TRY IT:
Every line of the listing below from the one with "18th century Bird" up to and including the one with "Notas de 100" should be retyped exactly, and nothing else; pictures are not part of the copy.

▬▬▬▬▬▬▬▬▬▬

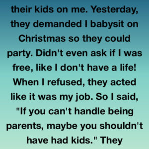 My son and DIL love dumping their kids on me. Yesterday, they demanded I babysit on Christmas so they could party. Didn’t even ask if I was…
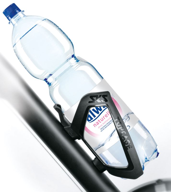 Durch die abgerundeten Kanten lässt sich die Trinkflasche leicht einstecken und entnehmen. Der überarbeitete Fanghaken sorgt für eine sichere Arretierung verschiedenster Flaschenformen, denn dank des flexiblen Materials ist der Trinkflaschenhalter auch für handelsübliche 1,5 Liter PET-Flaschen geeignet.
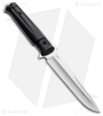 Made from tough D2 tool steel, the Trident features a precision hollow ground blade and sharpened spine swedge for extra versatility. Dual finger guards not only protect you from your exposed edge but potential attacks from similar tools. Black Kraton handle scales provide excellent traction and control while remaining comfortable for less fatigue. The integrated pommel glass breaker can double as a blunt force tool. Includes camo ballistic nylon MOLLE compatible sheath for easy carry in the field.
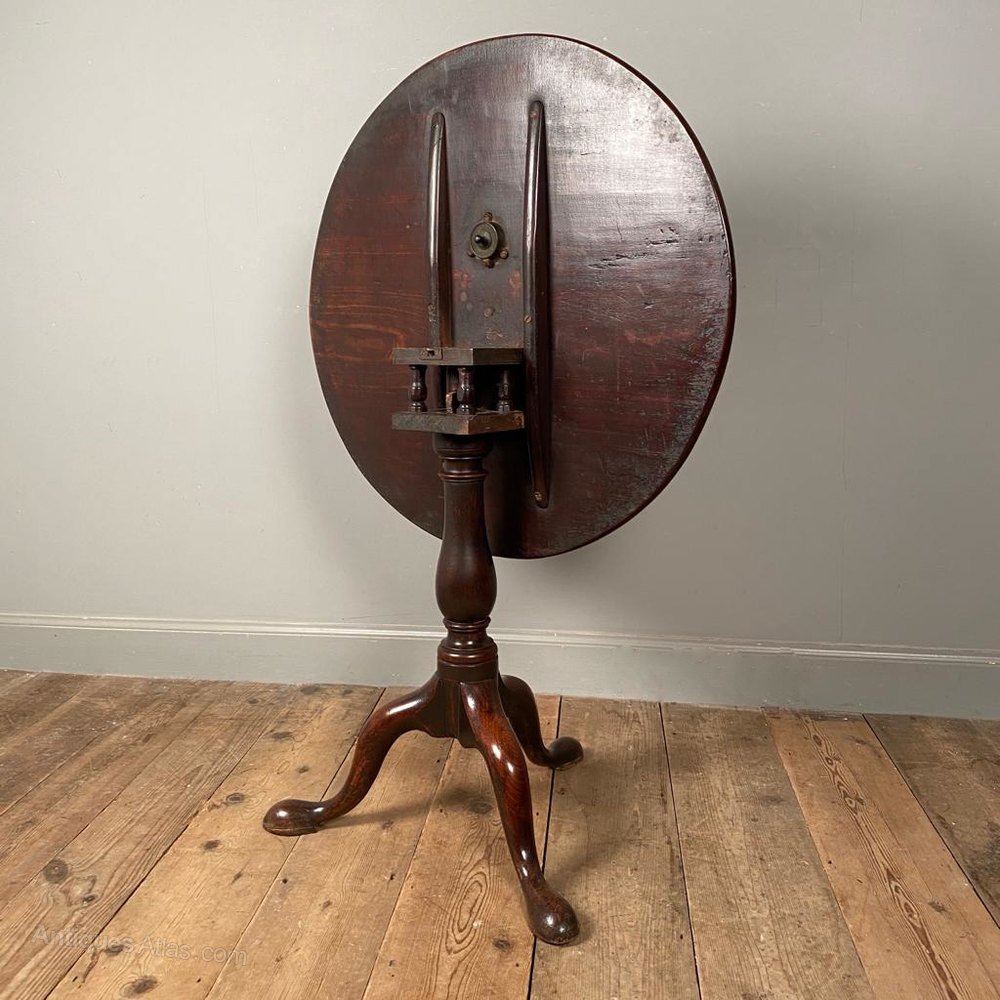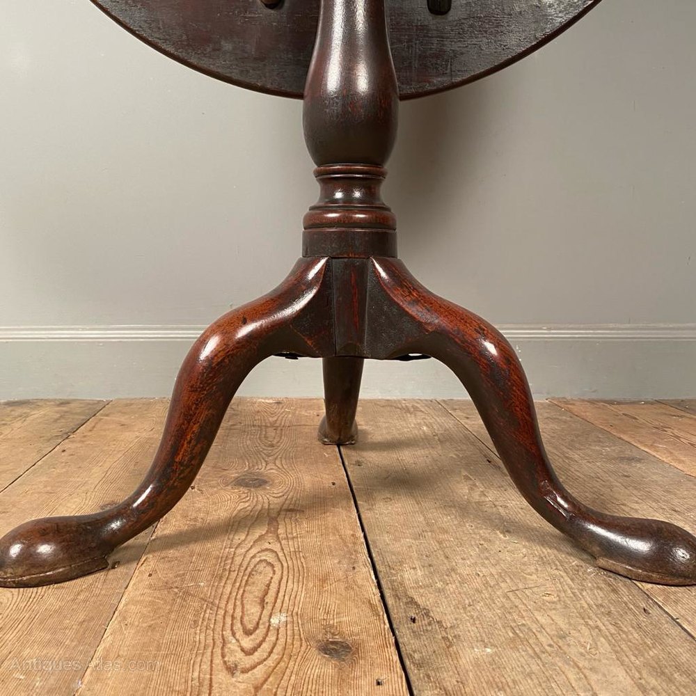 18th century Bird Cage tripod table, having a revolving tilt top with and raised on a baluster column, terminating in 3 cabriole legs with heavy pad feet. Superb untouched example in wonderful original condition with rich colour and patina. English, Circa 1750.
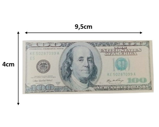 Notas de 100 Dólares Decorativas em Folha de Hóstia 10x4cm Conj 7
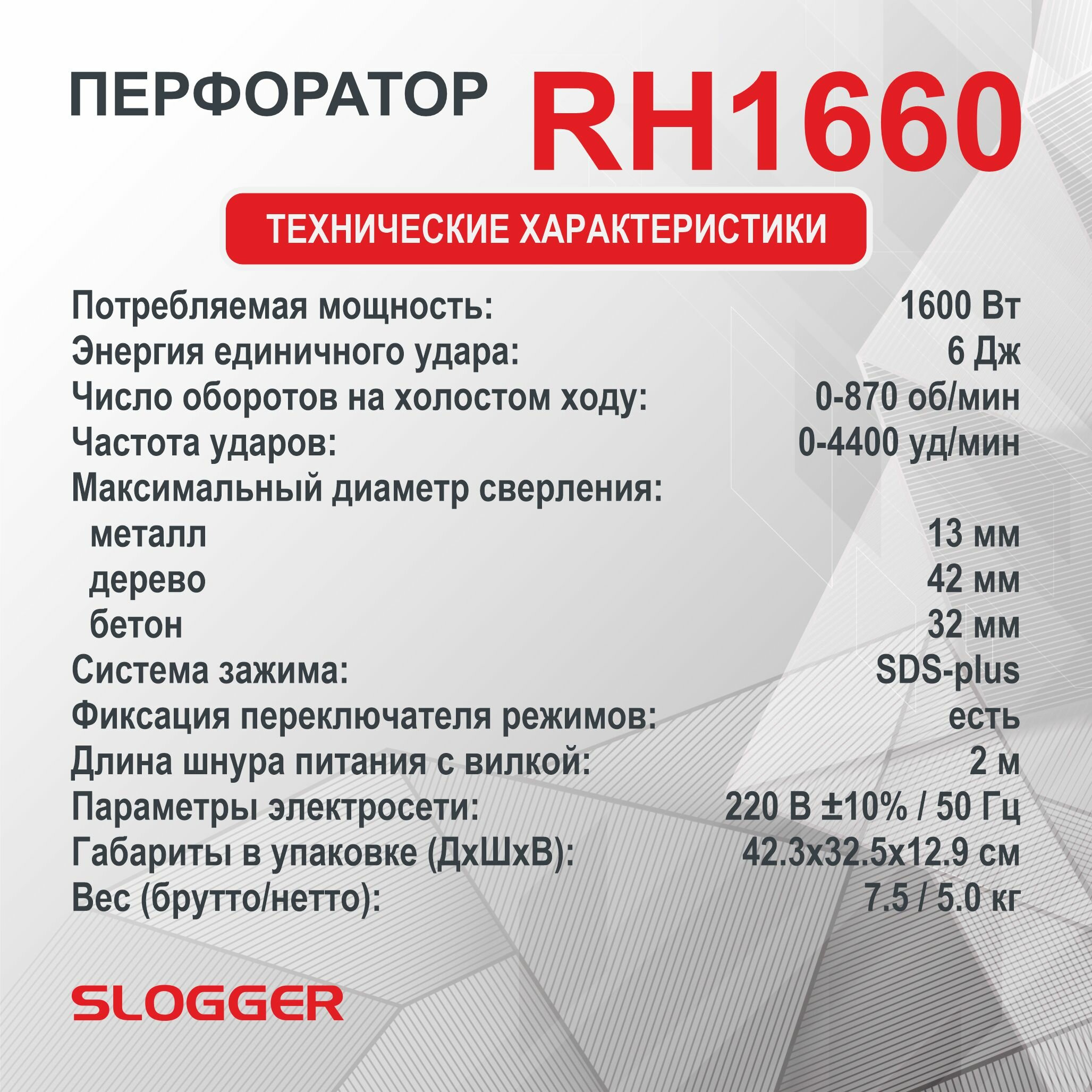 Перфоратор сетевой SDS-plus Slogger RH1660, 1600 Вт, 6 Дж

▬▬▬▬▬▬▬▬▬▬

EXERCISE ANSWER:
 18th century Bird Cage tripod table, having a revolving tilt top with and raised on a baluster column, terminating in 3 cabriole legs with heavy pad feet. Superb untouched example in wonderful original condition with rich colour and patina. English, Circa 1750.
 Notas de 100 Dólares Decorativas em Folha de Hóstia 10x4cm Conj 7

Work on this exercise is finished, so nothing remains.